At 8pm on Wednesday night he called, he was shocked at my positive attitude and he told me he loved me, how he was off to work (he works nights) and would be with me at 6:15am after work. I knew different, he thinks I believe he has work stuff in his locker and so didn’t need to come home .. but I let him believe he had fooled me! I didn’t care anymore , lose your job and it will just sum up everything you’ve done this whole year. Go spend night with her cos you don’t want to lose your ‘side chick’ .. I don’t care. She can have my sloppy seconds since we had sex just yesterday morning .. I’m done now!
It’s now gone midnight on Thursday night and obviously he hasn’t gone to work again! He may have attempted to come to my flat but he hasn’t called. His phone is probably still dead (since his charger is here) but I’m not calling him. I want him to stay as far away from me as possible. He’s going to need a change of clothes soon though, a bag out the window will have to be it.

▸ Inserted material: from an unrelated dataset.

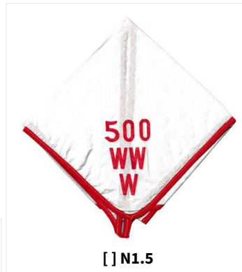
[ ] N1.5

Today he has shown me even his daughter or more promises will not make him stop being so selfish. Today is the first day he hasn’t seen her since she was born and he hasn’t even had the decency to call!! It highlights exactly the type of behaviour I’ve put up with since he came out of jail and I know I deserve better. My children deserve better and it’s about time I make sure that happens.
Health visitor visited today , my baby isn’t gaining weight. My breast milk isn’t as rich as it should be .. due to stress and not eating well. This has made me even more determined to fuck him off! He’s effecting our baby by treating me this way and he deserves absolutely no happiness from her at all. She is literally perfect and amazing and he’s already let her down countless times.
Him being around me will go 1 of 2 ways he’ll charm me and get in my head or he’ll attack me for anything he sees fit. Most probably how I’m a bad mum and using our baby against him. He will not be getting in my flat .. he can fight me to see his baby and I cannot wait for the day he is genuinely crying and regretting every last single lie he’s told me and every time he laid a hand on me and every single vile word he has said to me!! I know he will, I know he’ll hate to see me move on and like I said I also know he won’t treat her any better than he did me. I can feel free!
For now yes I’m broken, devastated, hurt and gutted but I know I’m stronger than this. Stronger than him. I can move on knowing that he’s gone to her for the simple reason she’s believed his bullshit and I haven’t!! He can live with himself for the rest of his life for treating the mother of his child and his new baby this way and when he’s back in jail and has ALL that time to think he will realise and he will be the devastated one!!
I am a strong woman and I have 2 beautiful girls and I will be damned if they see anymore of this vile man. They will both look at me and be proud.